Assess where you are currently sitting and how changes in the interest rate will impact your repayments.
It's important to understand how changes in the interest rate will impact your monthly repayments and the overall interest charged on the loan.
If you're currently on a variable interest rate, your repayments will likely increase if the Reserve Bank of Australia (RBA) lifts the official cash rate.
You can use an online loan repayment calculator to see how much extra you may need to pay each month, and over the life of the loan. Remember that a slight change in the interest rate can significantly impact your repayments.
The table below shows the estimated changes in monthly repayments and interest paid as the interest rate increases for different loan amounts, these figures are based on a 25 year loan term:
If you have a fixed-interest rate loan, your repayments will generally stay the same, even if the cash rate rises. Fixed-interest rates don’t last forever though, so consider what rate you will be able to manage well before the fixed-term finishes.
If you’re able to, consider fixing all or a portion of your loan. This will allow for planning, and will help you make an informed decision on whether now is the right time to buy or refinance, and whether you're getting a good deal.
Minimize other sources of debt. Interest rates can rise on other credit products, not just home loans. Pay off (if possible) or consolidate personal loans & credit cards into the home loan. You can also select a shorter timeframe so you're not stretching debts over a much longer term.
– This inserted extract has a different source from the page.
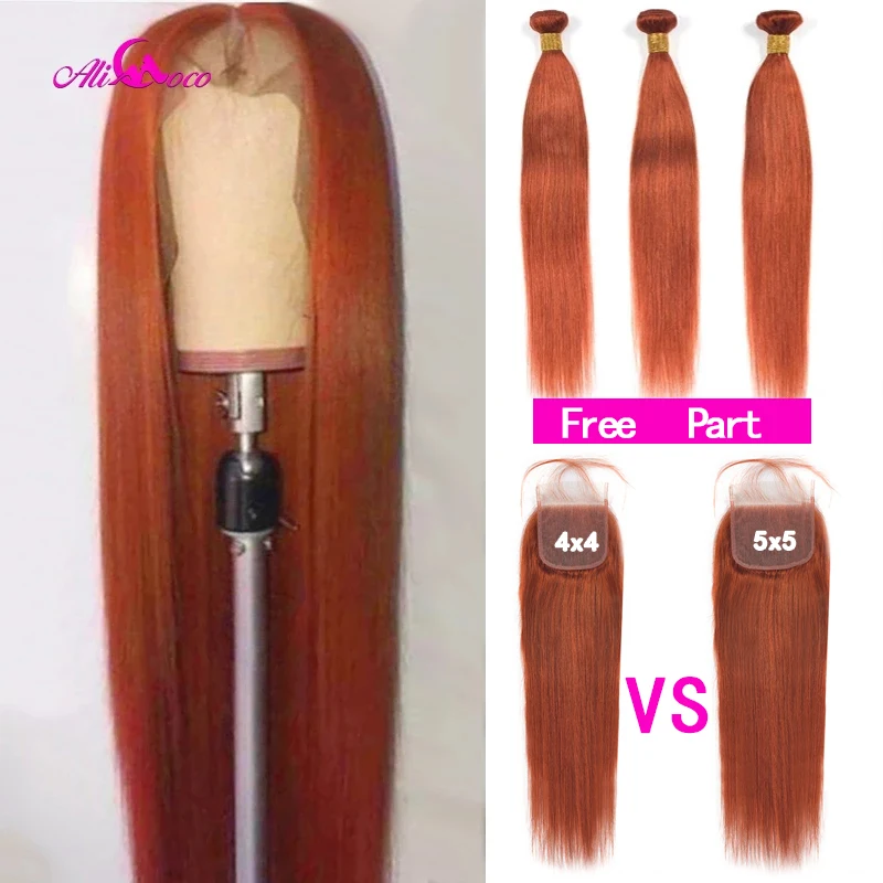 Пряди натуральных волос с застежкой 5x5, пряди оранжевых имбирных волос Ali Coco с застежкой, пряди бразильских натуральных волос с застежкой Реми

Remember, interest rates are likely to rise in the near future, so it's best to be prepared well in advance!
Prepare your budget considering any expected interest rate changes
If you're in the market for a new home, now is the time to start thinking about how a rate rise could impact your budget.
The good news is that most of the big banks (Commonwealth, Westpac, ANZ, and NAB) provide their own budgeting overviews. They will calculate and lump transactions together based on the category (e.g., mortgages, personal loans, credit cards) and indicate your monthly expenses based on what flows through your account. This can be a really helpful way to get an overall picture of your spending.
If you're comfortable using technology, there are also many great budgeting apps that can help you manage your money better. These apps tend to have more features than bank budgeting overviews, so they can be a great option if you want more control over your finances, they can also help you keep track of your spending regularly. A simpler option to an app though is something like the budgeting templates created in Excel.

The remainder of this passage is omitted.